This patch does not convince me at all: I expect you will come up with
some better strategy in a month or two, and I'd rather wait for that
than keep messing around with what we have. But if you can persuade
the filesystem guys that this heuristic would be a sensible mount
option for them, then in the end I shall not want tmpfs to diverge.

>
> > But isn't the new condition (with its ||) always weaker than the old
> > condition (with its &&)? Whereas I thought you were trying to change
> > it to be less keen to allocate hugepages, not more.
>
> I tried to make it less keen to allocate hugepages comparing to
> huge=always.
>
> Current huge=within_size is fairly restrictive: we don't allocate huge
> pages to grow the file. For shmem, it means we would allocate huge pages
> if user did truncate(2) to set file size, before touching data in it
> (shared memory APIs do this). This policy would be more useful for
> filesystem with backing storage.
>
> The patch relaxes condition: only require file size >= HPAGE_PMD_SIZE.
>
> > What the condition ought to say, I don't know: I got too confused,
> > and depressed by my confusion, so I'm just handing it back to you.
> >
> > And then there's the SHMEM_HUGE_WITHIN_SIZE case in shmem_huge_enabled()
> > (for khugepaged), which you have explicitly not changed in this patch:
> > looks strange to me, is it doing the right thing?
>
> I missed that.
>
> -----8<-----
> From b2158fdd8523e3e35a548857a1cb02fe6bcd1ea4 Mon Sep 17 00:00:00 2001
> From: "Kirill A. Shutemov" <kirill.shutemov@xxxxxxxxxxxxxxx>
> Date: Mon, 17 Oct 2016 14:44:47 +0300
> Subject: [PATCH] shmem: avoid huge pages for small files
>
> Huge pages are detrimental for small file: they causes noticible
> overhead on both allocation performance and memory footprint.
>
> This patch aimed to address this issue by avoiding huge pages until
> file grown to size of huge page if the filesystem mounted with
> huge=within_size option.
>
> This would cover most of the cases where huge pages causes slowdown
> comparing to small pages.
>
> Later we can consider huge=within_size as the default for tmpfs.

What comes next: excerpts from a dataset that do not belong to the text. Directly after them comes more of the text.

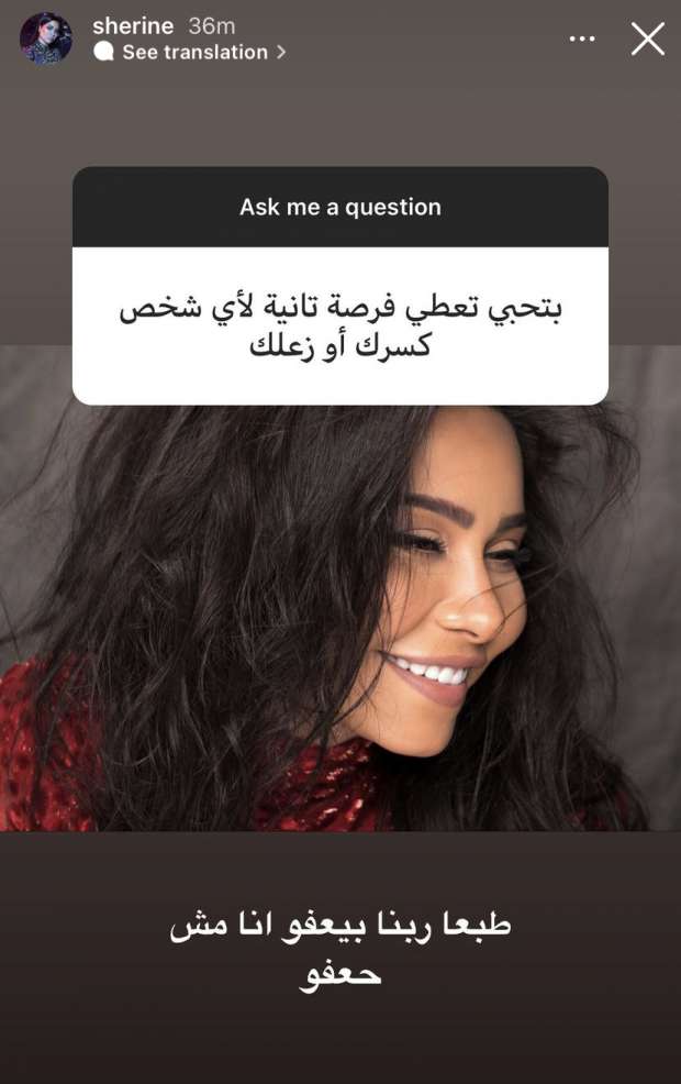 فأجابت شيرين: “طبعا، ربنا بيعفو انا مش هعفو؟”.
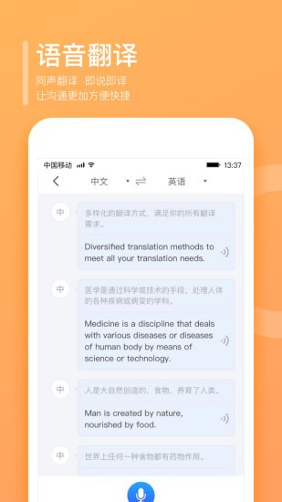 语音翻译——精准的语音识别及翻译引擎,帮你出国旅游旅行时与外国人轻松交流,灵敏迅速,翻译精准,堪比同声传译;
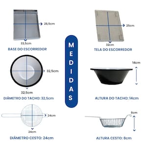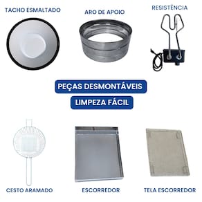 Tacho Esmaltado 5 Litros com Escorredor e Tampa. Termostato ajustável de 50°C a 300°C. Uso comercial e residencial.Porta-fio
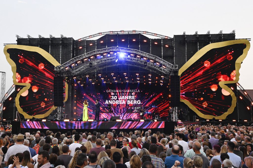 Schon seit 30 Jahren begeistert Andrea Berg (56) die Schlagerfans. Ihr großes Bühnenjubiläum feierte die Ikone mit einer fulminanten Show am Freitag (29.07.) und Samstag (30.07.) in Aspach – die auch für das TV aufgezeichnet worden ist. Am 6.8.2022 um 20:15 ist die „30 Jahre Andrea Berg“- Show im ZDF zu sehen. Präsentiert wird die Feier von Giovanni Zarrella (44).
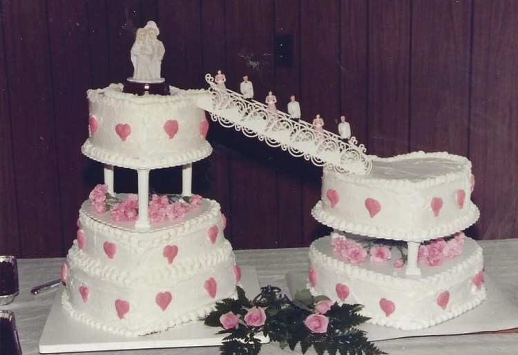 One of the things we saved money on was our wedding cake. There were two people we knew who did wedding cakes as a side business and neither of them could make ours. One suggested we make our own cake. So we decided to. Since it was a February wedding and close to Valentine’s Day, we went with a heart-shaped cake.
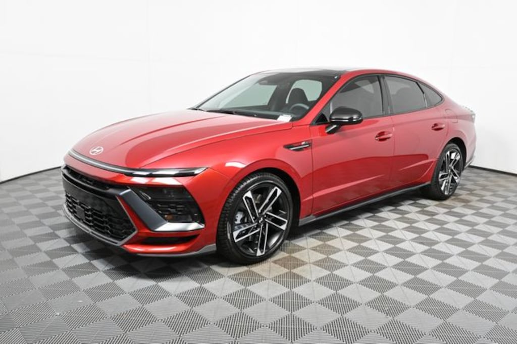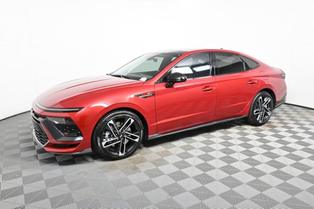 Dark Gray. This 2026 Hyundai Sonata is equipped with Option Group 01, Dark Gray, 12 Speakers, 19" x 8.0J Aluminum Alloy Wheels, 4-Wheel Disc Brakes, ABS brakes, Air Conditioning, Alloy wheels, AM/FM radio: SiriusXM, Apple CarPlay & Android Auto, Auto High-beam Headlights, Auto-dimming Rear-View mirror, Automatic temperature control, Brake assist, Bumpers: body-color, Cargo Block, Cargo Tray, Carpeted Floor Mats, Delay-off headlights, Driver door bin, Driver vanity mirror, Dual front impact airbags, Dual front side impact airbags, Electronic Stability Control, Emergency communication system: Bluelink+, Exterior Parking Camera Rear, First Aid Kit, Four wheel independent suspension, Front anti-roll bar, Front Bucket Seats, Front Center Armrest, Front dual zone A/C, Front reading lights, Fully automatic headlights, Heated door mirrors, Heated front seats, Heated N Unique Sport Seats, Illuminated entry, Knee airbag, Leather steering wheel, Leatherette/Suede Combination Seating Surfaces, Low tire pressure warning, Navigation System, Occupant sensing airbag, Outside temperature display, Overhead airbag, Overhead console, Panic alarm, Passenger door bin, Passenger vanity mirror, Power door mirrors, Power driver seat, Power moonroof, Power steering, Power windows, Radio data system, Radio: AM/FM/HD/MP3/SiriusXM/Navigation, Rear anti-roll bar, Rear seat center armrest, Rear side impact airbag, Rear window defroster, Remote keyless entry, Security system, Speed control, Speed-sensing steering, Speed-Sensitive Wipers, Split folding rear seat, Spoiler, Sport steering wheel, Steering wheel mounted audio controls, Tachometer, Telescoping steering wheel, Tilt steering wheel, Traction control, Trip computer, and Variably intermittent wipers. Not all rebates are compatible with all finance programs. Please see dealer for details and final price. $250 - Hyundai HMF Dealer Choice : $250 discount and 5.49% APR for 24 months. $44.09 per $1000 financed. Available to well qualified buyers who finance through Hyundai Motor Finance. H704. Exp. 12/01/2025
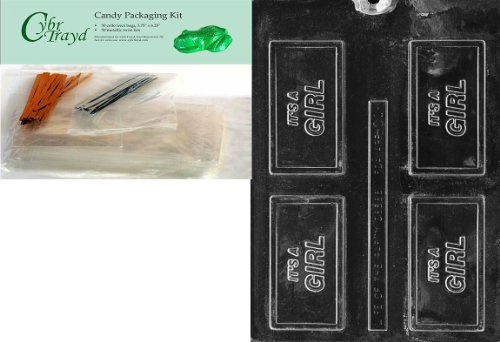 Cybrtrayd "It's a Girl" Business Card Chocolate Candy Mold with Packaging Bundle of 50 Cello Bags, 25 Gold/25 Silver Twist Ties and Chocolate Molding Instructions
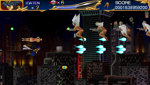 You once again play as Idaten and Benten, like the original, although each of them has different option types – Idaten has Adon and Samson, while Benten has two creepy angels called Mika and Eru. (Combined together, they’re supposed to spell “Michael” in Japanese kana.) There’s also a third unlockable character, an elephant man named Shouten. Each character has their standard rapid fire weapon, as well as a limited supply of bombs. The Men’s Beam from some of the other games returns too. Fallen enemies will drop little colored muscle men that add to your score, which reaches into the trillions.
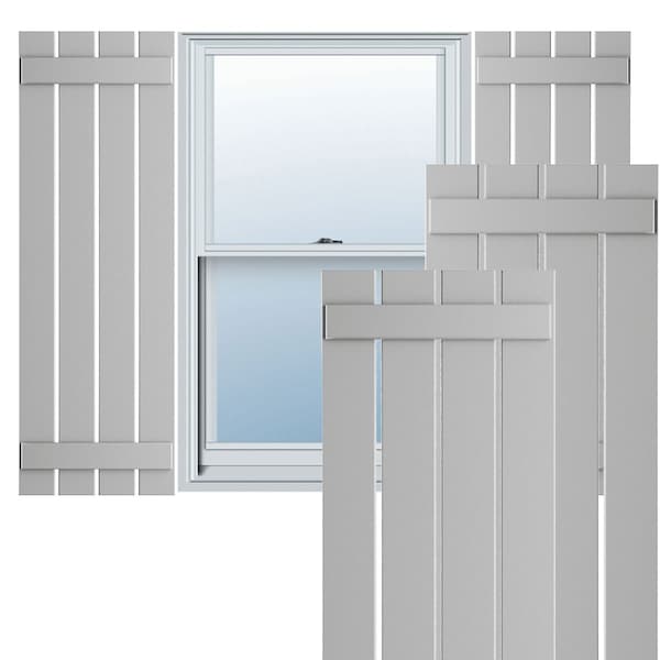 True Fit PVC Four Board Spaced Board-n-Batten Shutters, Hailstorm Gray , 23W x 62H, PR
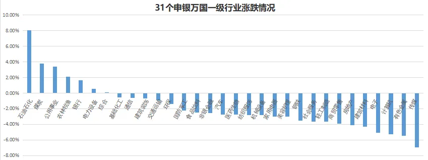 近五个交易日31个申万一级行业板块多数下跌。其中石油石化、煤炭、公用事业涨幅居前,传媒、有色金属、计算机跌幅居前。
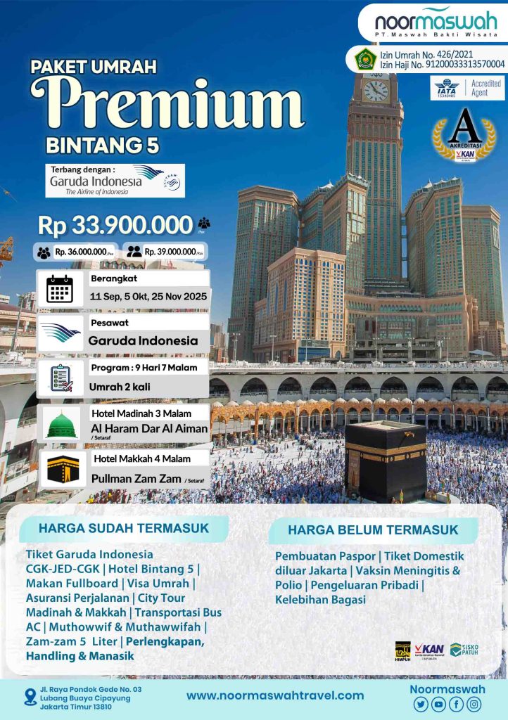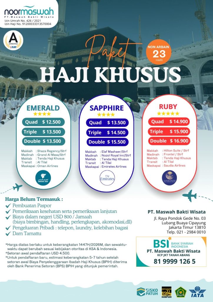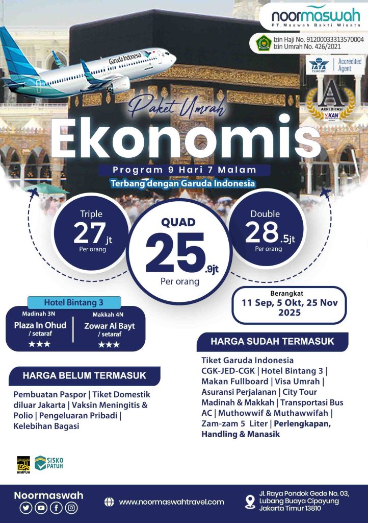 Noormaswah Travel adalah badan usaha yang lahir untuk memenuhi kebutuhan masyarakat akan travel umrah yang terpercaya dan profesional. Melalui layanan yang berkualitas dan pengembangan yang berkelanjutan, Maswah Travel selalu berusaha untuk bisa menjadi jawaban atas kebutuhan paket perjalanan umrah yang amanah.
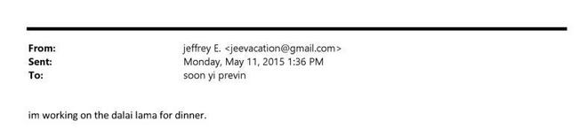 回溯到2015年,爱泼斯坦在一封电子邮件中提到了要请十四世达赖共进晚餐的计划。
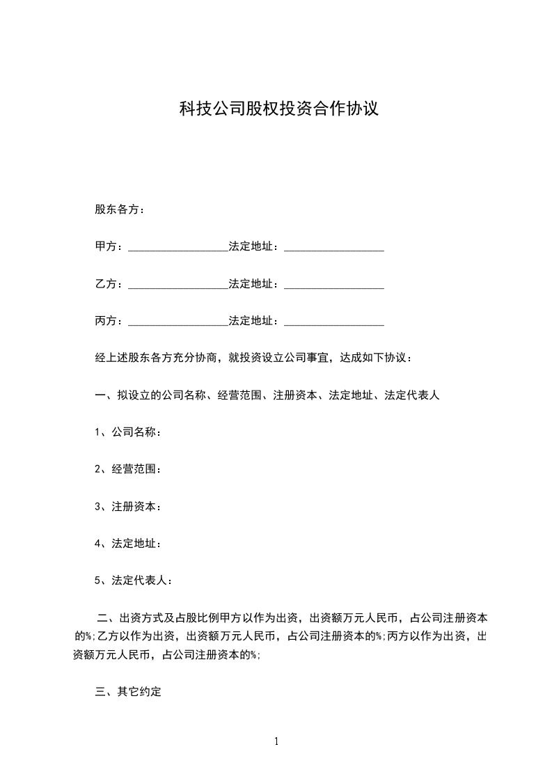 甲、乙、双方经充分协商,在平等自愿的基础上就入股出资_______________事宜达成如下协议:
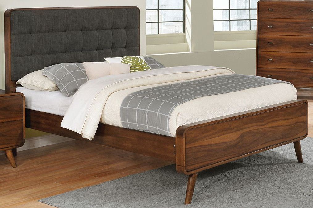 A Danish modern motif with the simple elegance of this dark walnut platform bed. A nicely padded headboard shows off rich faux leather upholstery and enhances the natural woodgrain effect of its charming mid-century design.
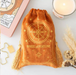 Samettinen nyöripussi, jossa on kaunis tarotkorttiaiheinen painatus. Saatavilla neljä eri mallia: The Sun (vaaleanpunainen), The Moon (petroolinvihreä), The Wheel of Fortune (beige) ja The Star (sininen). Sopii erinomaisesti tarotkorttien, kristallien tai muiden pienten esineiden säilyttämiseen ja kuljettamiseen.
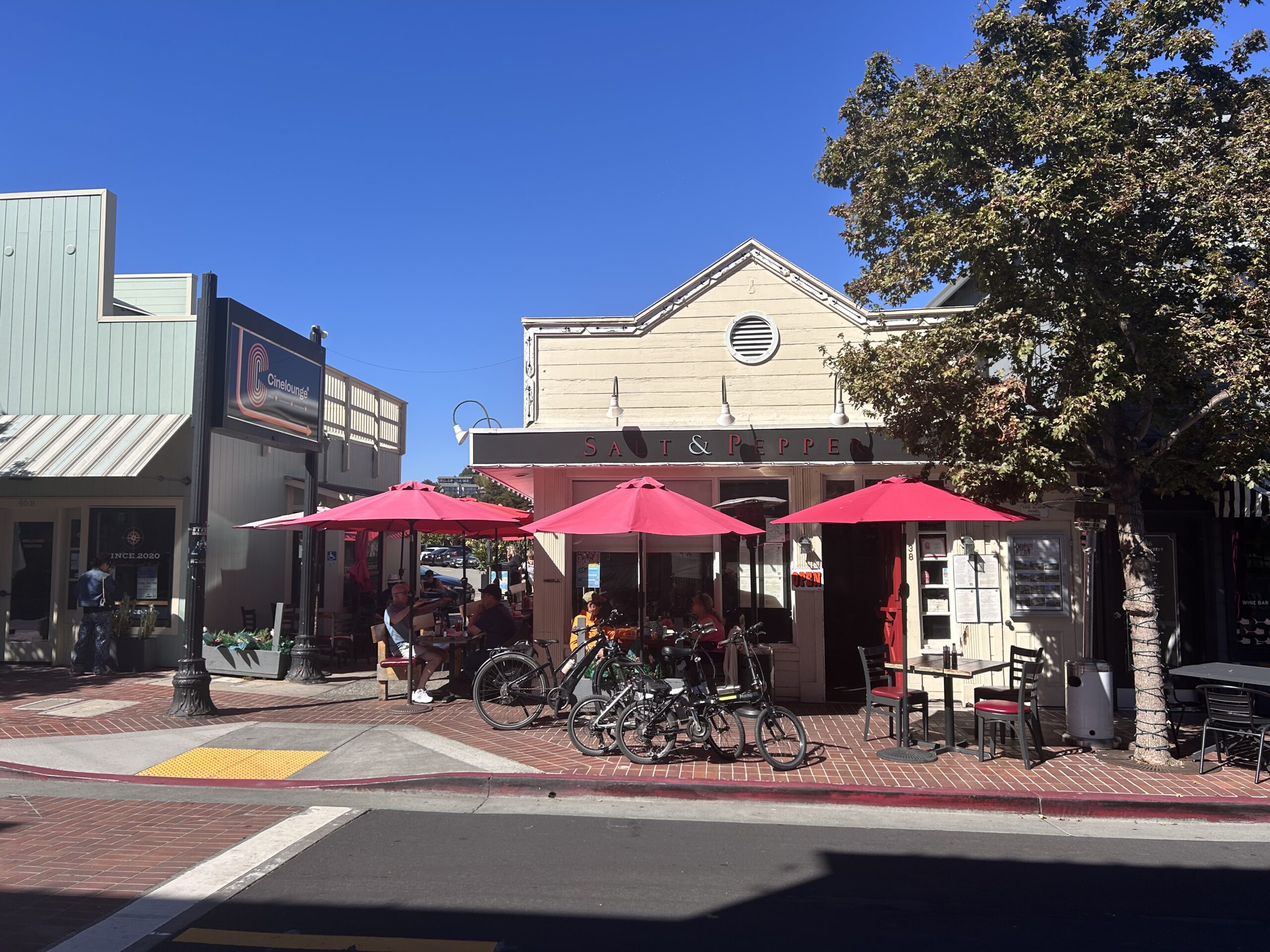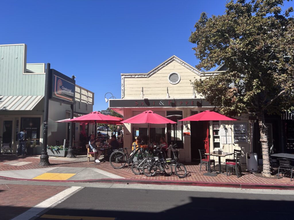 We walked through the super cute town of Tiburon, past all the 100+ year old boat houses that have been converted into shops, down to Sam’s for what we thought was going to be a peaceful, relaxing vista-filled lunch on the waterfront. But right as we ordered a drink and some lunch, a very loud large crane on the water blocking our view started spurting out diesel fumes.
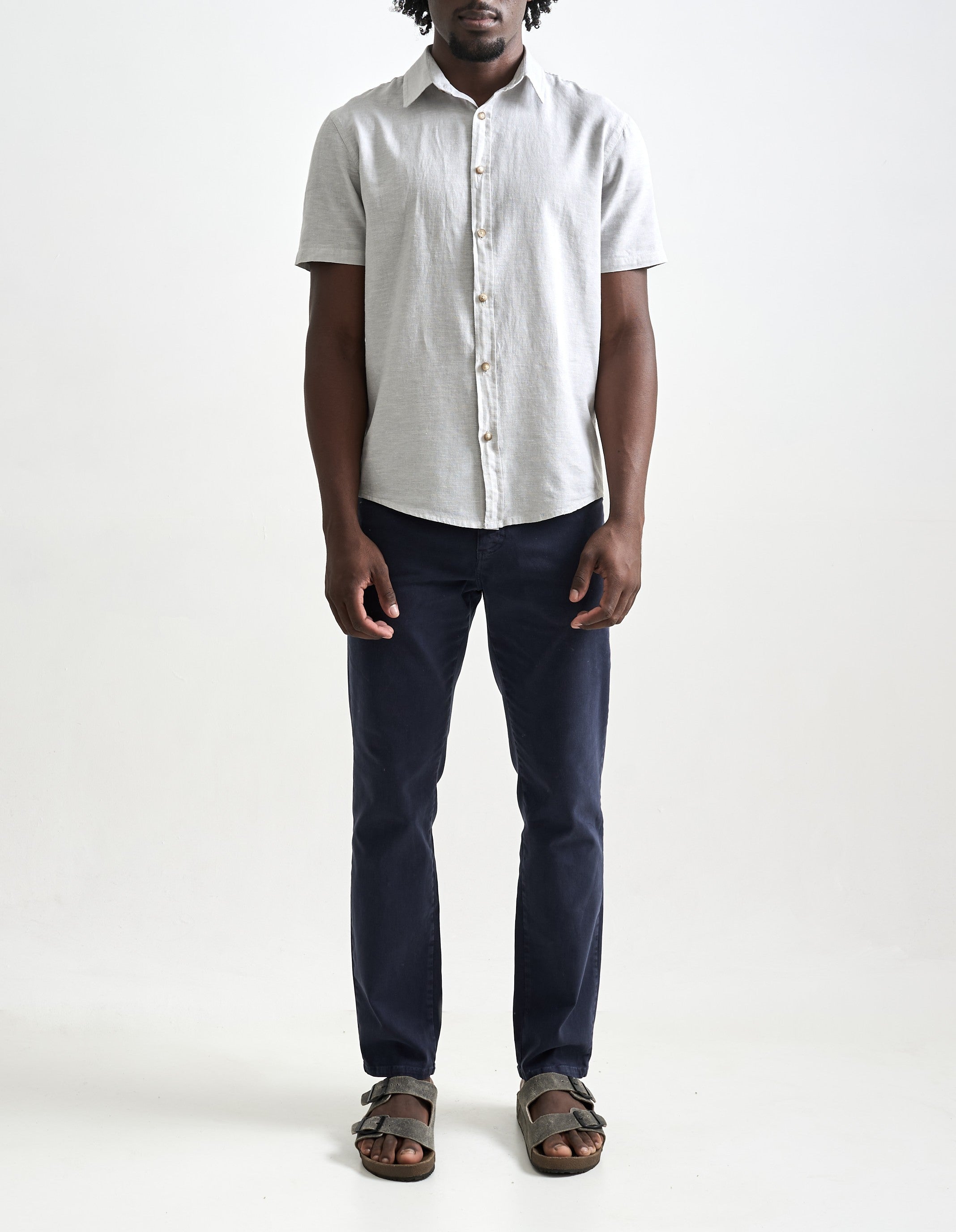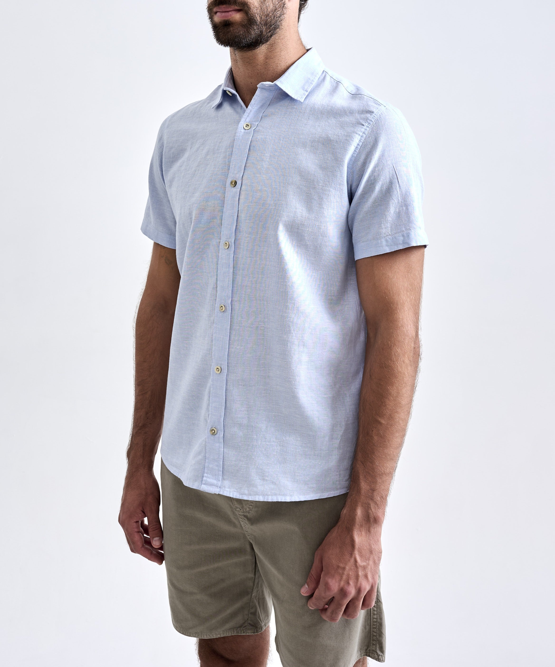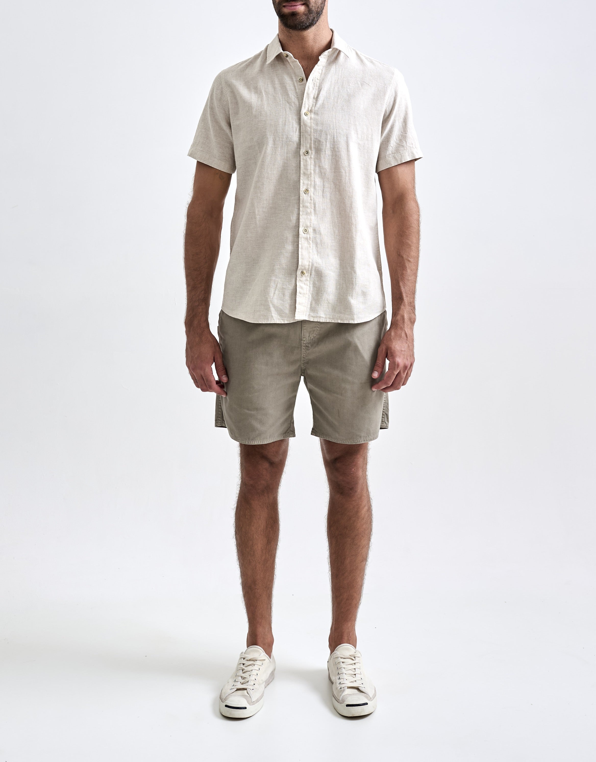 A Camisa de Linho Belize Manga Curta foi desenvolvida para dias mais frescos, com design de manga curta, modelagem regular e sem bolsos. O linho proporciona à peça um alto grau de respirabilidade e durabilidade, graças às características naturais dessa fi
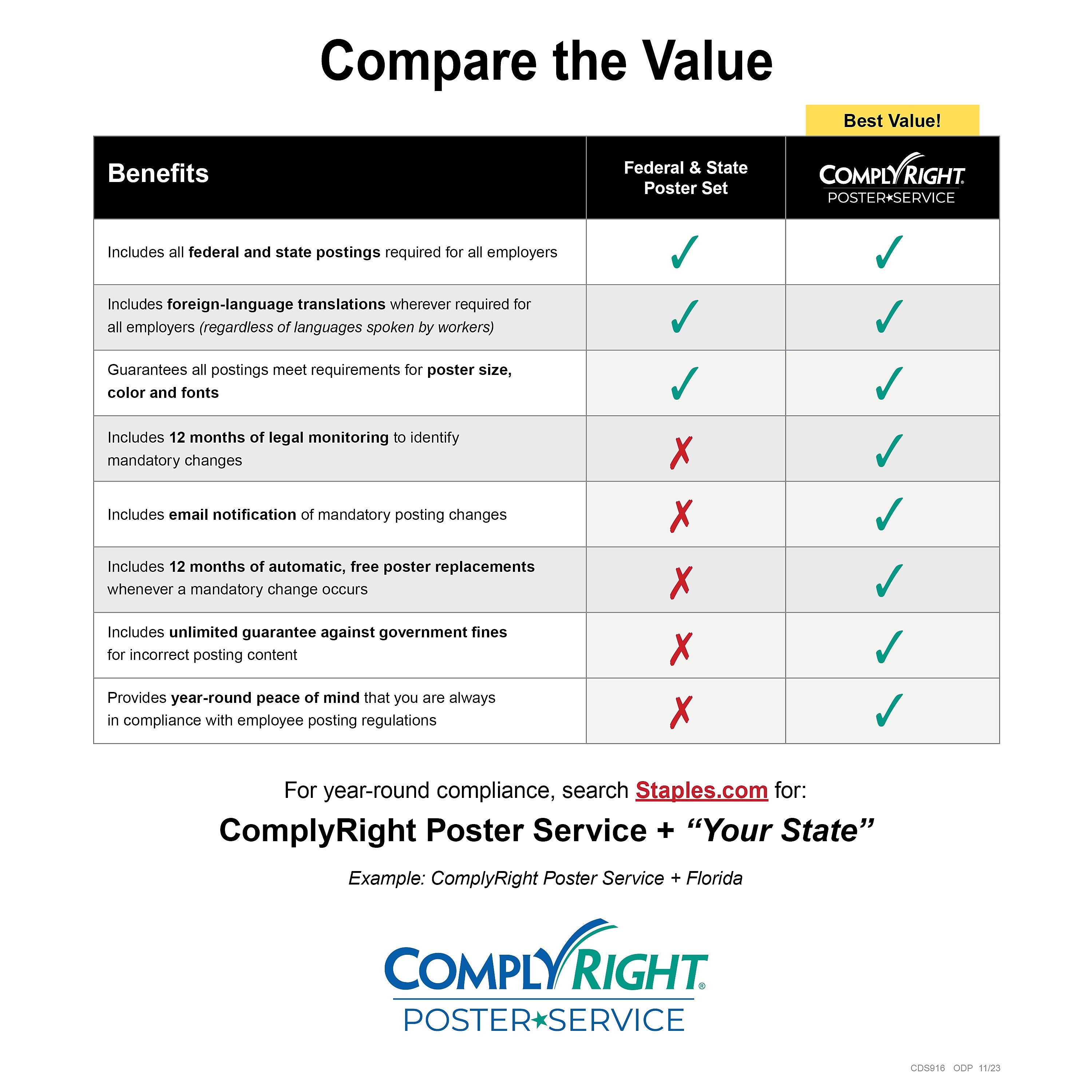 Get your business in compliance with the latest state labor law posting requirements. All-in-one, attorney-approved ComplyRight Labor Law Posters cover every mandatory employee-facing notice to streamline state posting compliance.

I'm sceptical of that, and I do not think this implementation will
make a sensible default.

>
> Signed-off-by: Kirill A. Shutemov <kirill.shutemov@xxxxxxxxxxxxxxx>
> ---
> Documentation/vm/transhuge.txt | 8 ++++++--
> mm/shmem.c | 12 +++---------
> 2 files changed, 9 insertions(+), 11 deletions(-)
>
> diff --git a/Documentation/vm/transhuge.txt b/Documentation/vm/transhuge.txt
> index 2ec6adb5a4ce..7703e9c241ca 100644
> --- a/Documentation/vm/transhuge.txt
> +++ b/Documentation/vm/transhuge.txt
> @@ -206,13 +206,17 @@ You can control hugepage allocation policy in tmpfs with mount option
> "huge=". It can have following values:
>
> - "always":
> - Attempt to allocate huge pages every time we need a new page;
> + Attempt to allocate huge pages every time we need a new page.
> + This option can lead to significant overhead if filesystem is used to
> + store small files.

Good, yes, that part I fully agree with.

>
> - "never":
> Do not allocate huge pages;
>
> - "within_size":
> - Only allocate huge page if it will be fully within i_size.
> + Only allocate huge page if size of the file more than size of huge
> + page. This helps to avoid overhead for small files.
> +
> Also respect fadvise()/madvise() hints;
>
> - "advise:
> diff --git a/mm/shmem.c b/mm/shmem.c
> index ad7813d73ea7..ef8fdadd0626 100644
> --- a/mm/shmem.c
> +++ b/mm/shmem.c
> @@ -1677,14 +1677,11 @@ static int shmem_getpage_gfp(struct inode *inode, pgoff_t index,
> goto alloc_huge;
> switch (sbinfo->huge) {
> loff_t i_size;
> - pgoff_t off;
> case SHMEM_HUGE_NEVER:
> goto alloc_nohuge;
> case SHMEM_HUGE_WITHIN_SIZE:
> - off = round_up(index, HPAGE_PMD_NR);
> - i_size = round_up(i_size_read(inode), PAGE_SIZE);
> - if (i_size >= HPAGE_PMD_SIZE &&
> - i_size >> PAGE_SHIFT >= off)

I certainly agree that the old test is obscure: I give up and cry each
time I try to work out exactly what it does. I wanted so much to offer
a constructive alternative before responding: how about

if (index < round_down(i_size_read(inode),
HPAGE_PMD_SIZE) >> PAGE_SHIFT))

Of course that does not give you any huge pages while a file is being
copied in (without a preparatory ftruncate), but it seems a more
comprehensible within_size implementation to me.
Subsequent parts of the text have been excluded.